Intracellular redox homeostasis plays an important role in promoting
tumor progression, development and even treatment resistance. To this end, redox balance impairment may become a prospective therapeutic target of
cancer. Herein, a
manganese-based homeostasis modulator (MHS) is developed for inducing severe
reactive oxygen species accumulation and
glutathione (GSH) deprivation, where such redox dyshomeostasis brings about dramatic ferroptosis/apoptosis.

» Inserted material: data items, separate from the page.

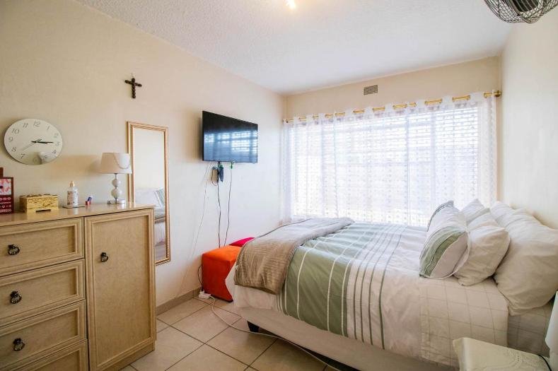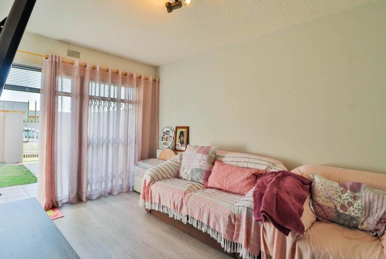 Spacious and sunny lounge leading to a neat garden with a built-in braai
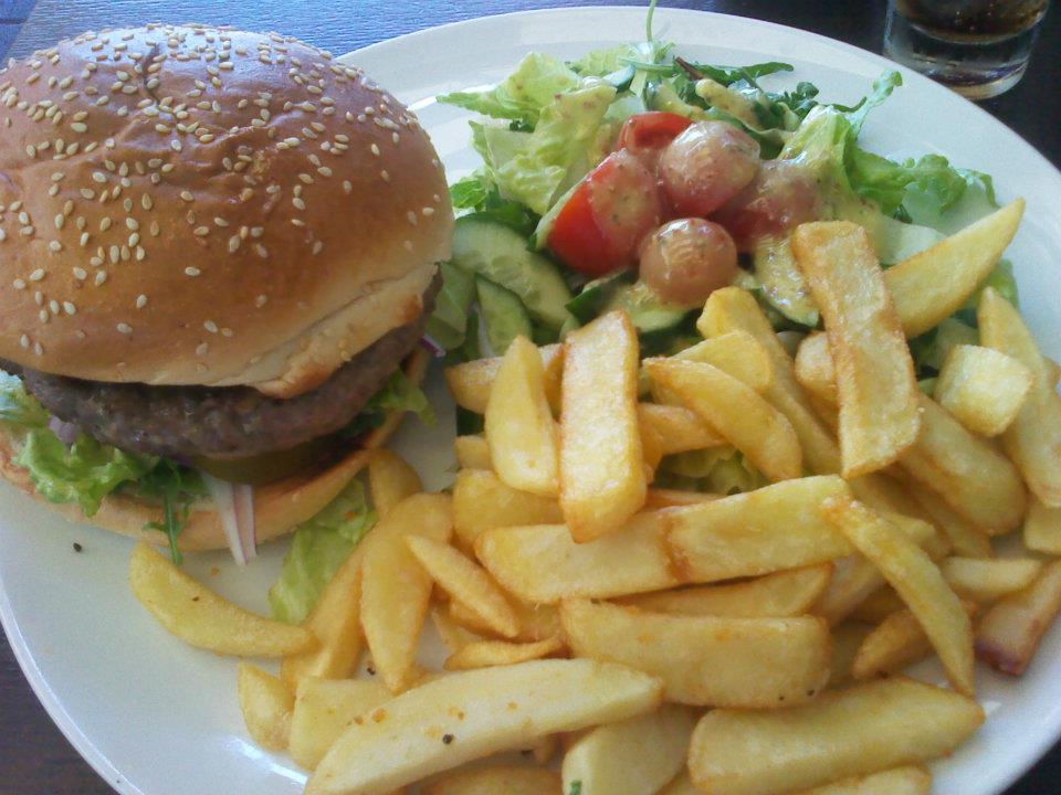 Kicsit lejjebb rá is akadtam egy másik, az előzőnél sokkal zsúfoltabb helyre. Ahol sokan vannak, ott biztos jól is főznek. A Nelson 33-ban angol étlap nincs. Az eddigi tapasztalataim szerint az éttermek kb. felében gondolnak csak a héber nyelvvel hadilábon álló vendégekre. Szóval a végén a héber nyelvű étlapot nem hagyta ott a csábítóan miniszoknyás pincérlány, helyette egy “élő-menüsor”, angolul az előző hölgynél még jobban beszélő társa világosított fel a hely kínálatáról. A harmadik vagy negyedik szó a HAMBURGER volt, jó ne is folytassa, emellett döntöttem, törtem le a lelkesedését pillanatokon belül.
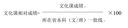 注:1、文化課相對成績=文化課成績÷所在省文史/理工類本科一批線×100
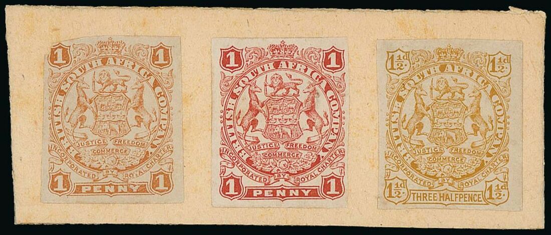 Three stamp sized imperforate proofs of Large Arms for postcards affixed to card (40 x 97mm.) comprising 1d. in orange, 1d. in red and 1½d. in yellow-brown, the 1d. orange slightly cut-into at upper left. Photo
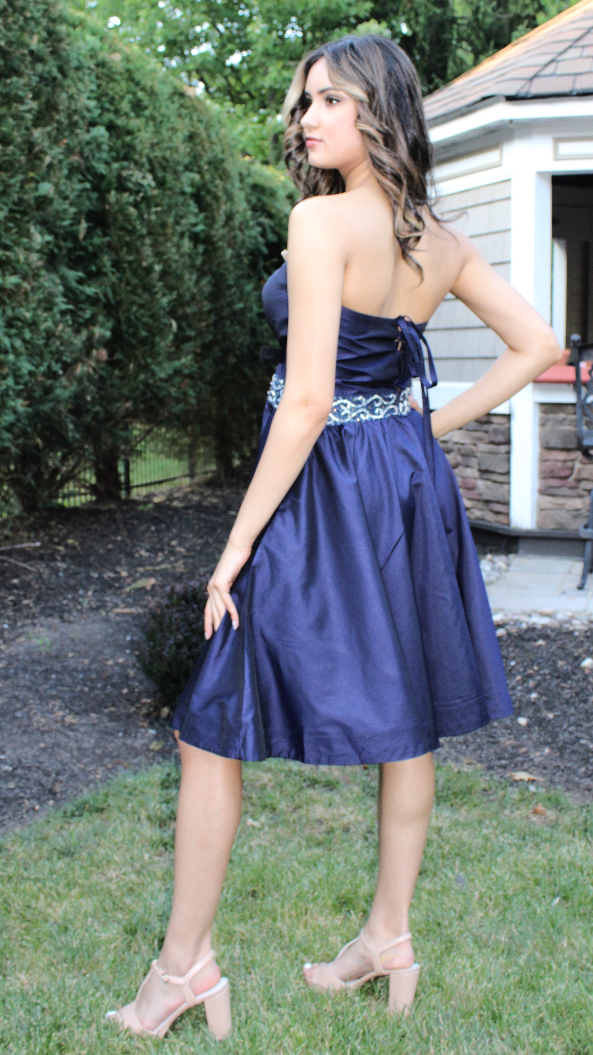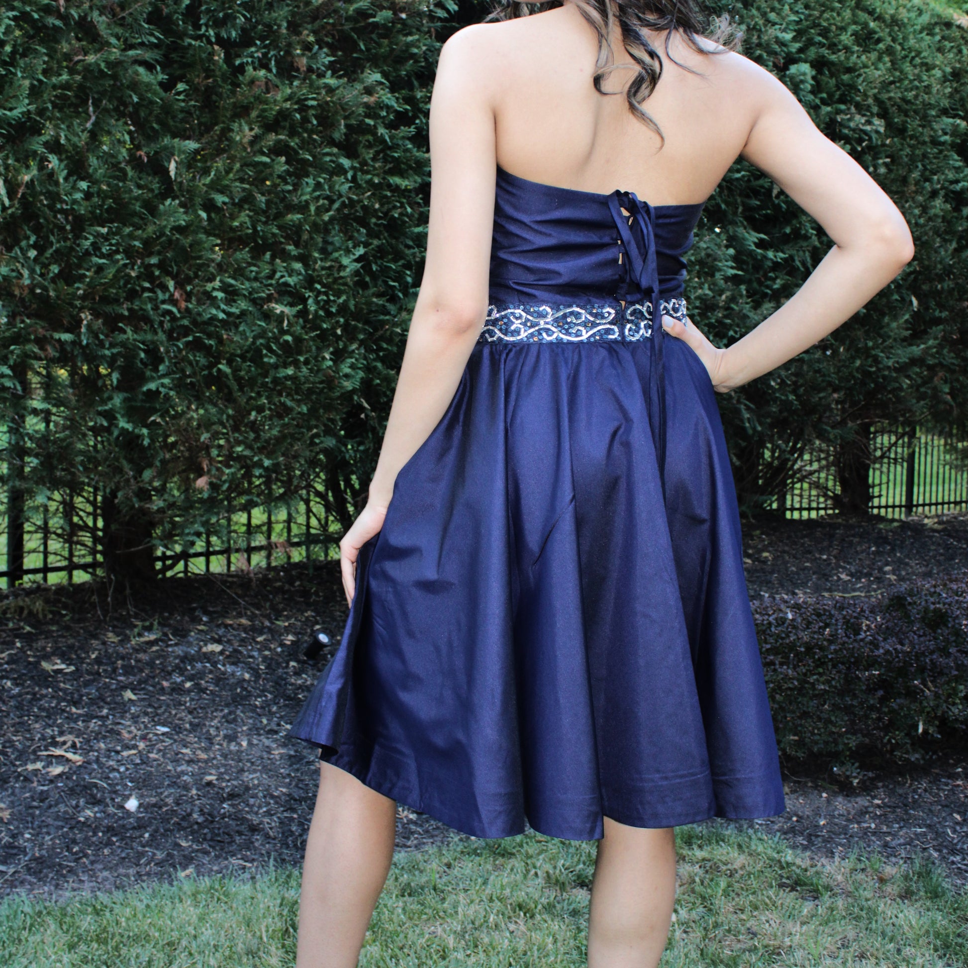 Maharani's Designer Silk Evening Dress - Navy Blue (M)

Tumor-specific degradation of
manganese oxide nanocarriers contributes to
hypoxia alleviation and loaded cargo release, resulting in apoptosis by augmented sonodynamic
therapy and chemodynamic
therapy. On the other hand, regional oxygenation significantly downregulates the expression of
activating transcription factor 4, which can synergize with the released
sulfasalazine to inhibit the downstream
cystine antiporter xCT. Biosynthesis of GSH is sufficiently interrupted by the xCT suppression, leading to the reduction of
glutathione peroxidase 4 (GPx4) level. The resultant excessive
lipid peroxides promote intense ferroptosis to motivate cell death. On this basis, splendid treatment outcome by MHS is substantiated both in vitro and in vivo, thanks to the synergy of antitumor immunity elicitation. Taken together, this paradigm provides an insightful strategy to evoke drastic ferroptosis/apoptosis toward
therapeutics and may also expand the eligibility of
manganese-derived nanoagents for medical applications.